## Problem
Up to and including the line that contains "KİPTAŞ Genel Müdürü", write out every line of the entries exactly, beginning with the first. Omit the pictures.
Start of Data supplied
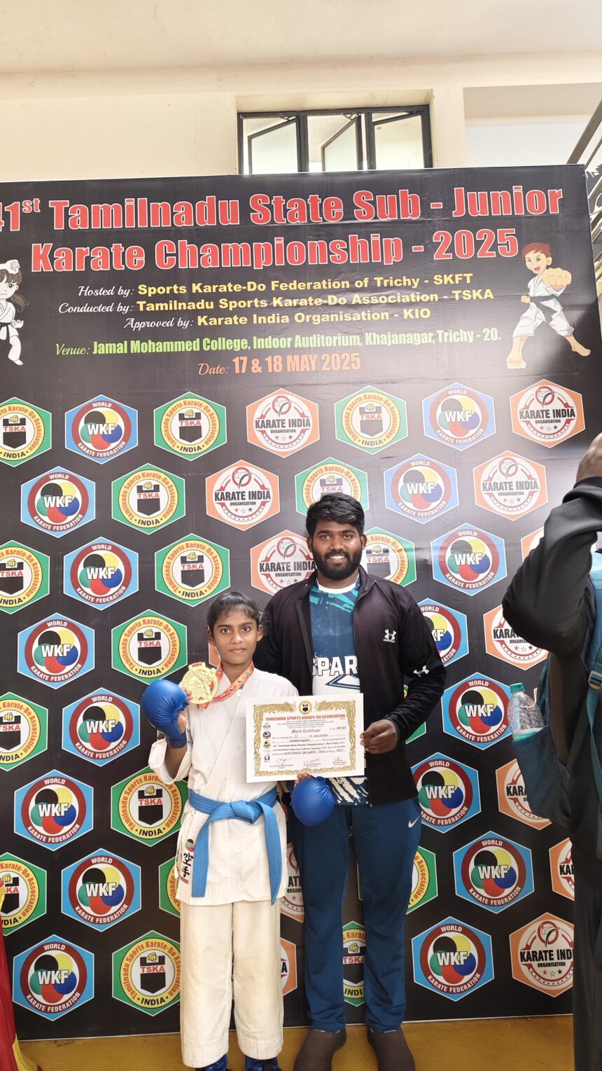 41 வது தமிழ்நாடு மாநில சப் ஜூனியர் கராத்தே சாம்பியன்ஷிப் போட்டி போட்டிகள் திருச்சியில் நேற்று நடைபெற்றது. இதில் 2000 மாணவ மாணவிகள் கலந்து கொண்டனர். இப்போட்டியில் பரமக்குடி ஆயிர வைசிய மெட்ரிக் பள்ளியை சேர்ந்த அனுஶ்ரீ என்ற மாணவி, ராமநாதபுரம் மாவட்டம் சார்பாக மாணவிகளுக்கான 12 வயதுக்குட்பட்ட – 35 கிலோ எடை பிரிவில் கலந்து கொண்டு தங்கம் வென்று சாதனை படைத்துள்ளார்.
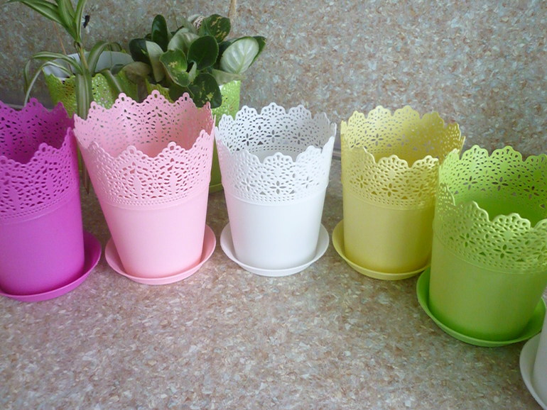 Наташ, они очень красивые, но крайне не удобные для живых цветов. У меня антуриум в таком. Использую как кашпо, сам цветок в пластиковом горшочке. Поливать крайне неудобно. Земля должна быть ниже кружевного края на см примерно, иначе вся вода будет выливаться из кружевных дырочек. Покупала и в фикпрайсе пластиковые (точно такие как у тебя) и в Икее — металлические
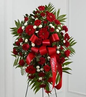 $177.90The Treasured Memories Standing Spray is a rich and colorful way to express your unending love and devotion to the departed. An exceptional arrangement of red roses, burgundy carnations, burgundy mini carnations, red gerbera daisies and white button poms
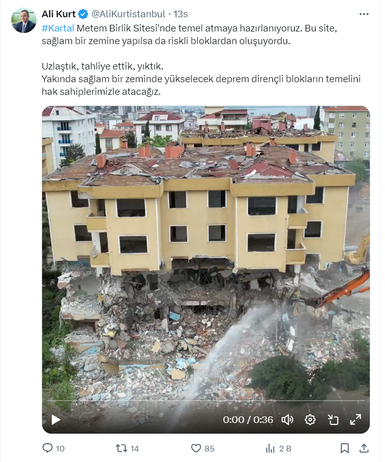 KİPTAŞ Genel Müdürü Ali Kurt resmi X hesabı https://twitter.com/AliKurtistanbul üzerinden yaptığı açıklamada Kartal Metem Birlik Sitesi'nde temel atmaya hazırlandıklarını belirterek, "Kartal Metem Birlik Sitesi'nde temel atmaya hazırlanıyoruz. Bu site, sağlam bir zemine yapılsa da riskli bloklardan oluşuyordu. Uzlaştık, tahliye ettik, yıktık.
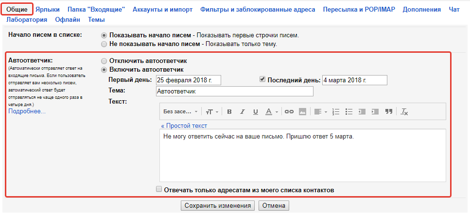 Автоответчик настраивается в разделе “Настройки” — “Общие”. В самом низу нужно отметить пункт “Включить автоответчик”. Далее указывается дата его включения (“первый день”) и при желании дата его автоматического отключения (“последний день”).
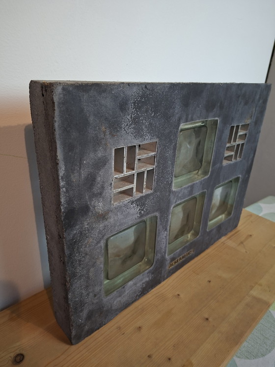 Today, this object perfectly embodies the Brutalist style, an architectural movement from the 1950s to the 1970s that celebrated raw, unfinished materials and bold geometric shapes. Its visible texture and modular shape make it a highly sought-after mid-century design piece, which can be transformed into a wall sculpture or a unique table lamp.
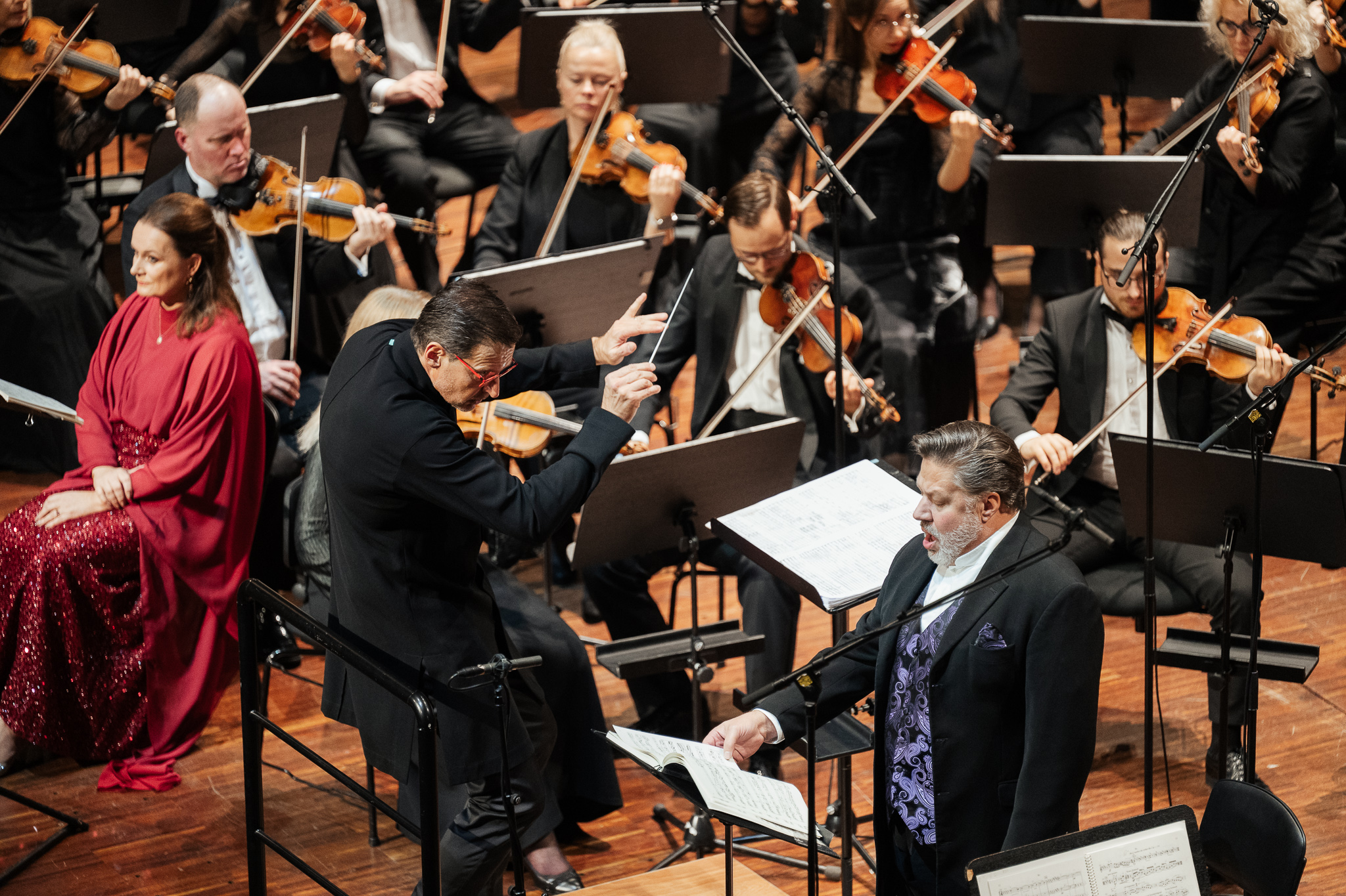 Diriģenta vadībā apvienojās Valsts akadēmiskais koris “Latvija”, Rīgas Projektu koris, Igaunijas Nacionālais vīru koris, Liepājas Simfoniskais orķestris un Latvijas Nacionālais simfoniskais orķestris. Savukārt Toves un karaļa Valdemāra spēcīgās mīlas stāstu klausītājiem uzbūra tumsnēji daiļās un mirdzošās balss īpašniece Magdalēna Anna Hofmane (Magdalena Anna Hofmann) un Latvijas publikai pazīstamais amerikāņu operdziedātājs Korbijs Velčs (Corby Welch). Viņiem pievienojās Frankfurtes operas soliste Zanda Švēde (Mežadūja), viens no vadošajiem Latvijas Nacionālās operas solistiem Mihails Čuļpajevs (Nerrs Klauss), un Vācijā un Latvijā ievērojamus panākumus guvušais basbaritons Olivers Cvargs (Oliver Zwarg), kam tika uzticēta zemnieka un stāstnieka loma.
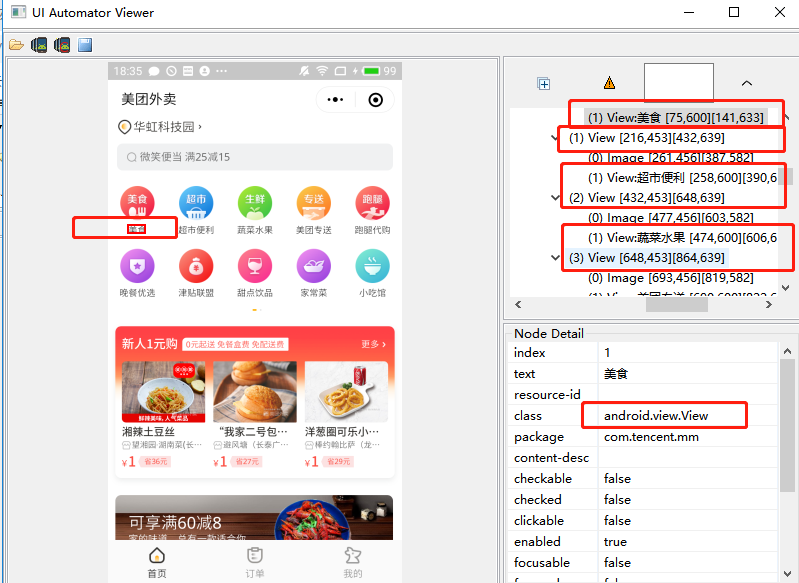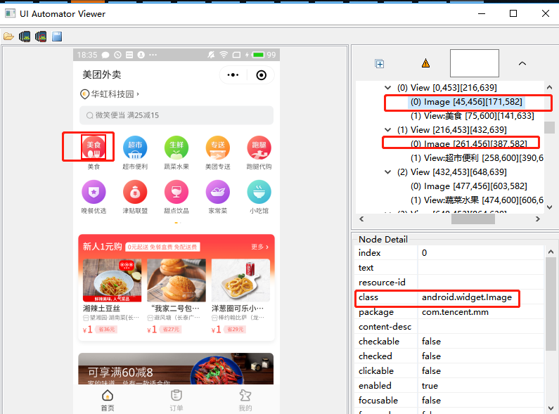 在UI Automator上,点击页面元素,可以发现,小程序页所有文本元素属性class都是android.view.View,图片的class属性都是android.widget.Image,且无id等常用属性值,仅可以通过text,坐标来定位元素唯一性。
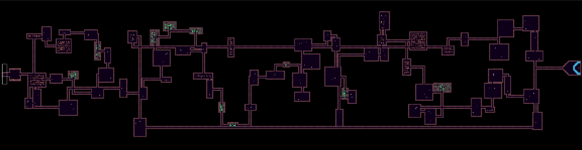Corridors are finally placed to link all rooms together. Rooms are sorted roughly on the x axis so the dungeon progresses left - right.
End of Data supplied
## Exercise result
 41 வது தமிழ்நாடு மாநில சப் ஜூனியர் கராத்தே சாம்பியன்ஷிப் போட்டி போட்டிகள் திருச்சியில் நேற்று நடைபெற்றது. இதில் 2000 மாணவ மாணவிகள் கலந்து கொண்டனர். இப்போட்டியில் பரமக்குடி ஆயிர வைசிய மெட்ரிக் பள்ளியை சேர்ந்த அனுஶ்ரீ என்ற மாணவி, ராமநாதபுரம் மாவட்டம் சார்பாக மாணவிகளுக்கான 12 வயதுக்குட்பட்ட – 35 கிலோ எடை பிரிவில் கலந்து கொண்டு தங்கம் வென்று சாதனை படைத்துள்ளார்.
 Наташ, они очень красивые, но крайне не удобные для живых цветов. У меня антуриум в таком. Использую как кашпо, сам цветок в пластиковом горшочке. Поливать крайне неудобно. Земля должна быть ниже кружевного края на см примерно, иначе вся вода будет выливаться из кружевных дырочек. Покупала и в фикпрайсе пластиковые (точно такие как у тебя) и в Икее — металлические
 $177.90The Treasured Memories Standing Spray is a rich and colorful way to express your unending love and devotion to the departed. An exceptional arrangement of red roses, burgundy carnations, burgundy mini carnations, red gerbera daisies and white button poms
 KİPTAŞ Genel Müdürü Ali Kurt resmi X hesabı https://twitter.com/AliKurtistanbul üzerinden yaptığı açıklamada Kartal Metem Birlik Sitesi'nde temel atmaya hazırlandıklarını belirterek, "Kartal Metem Birlik Sitesi'nde temel atmaya hazırlanıyoruz. Bu site, sağlam bir zemine yapılsa da riskli bloklardan oluşuyordu. Uzlaştık, tahliye ettik, yıktık.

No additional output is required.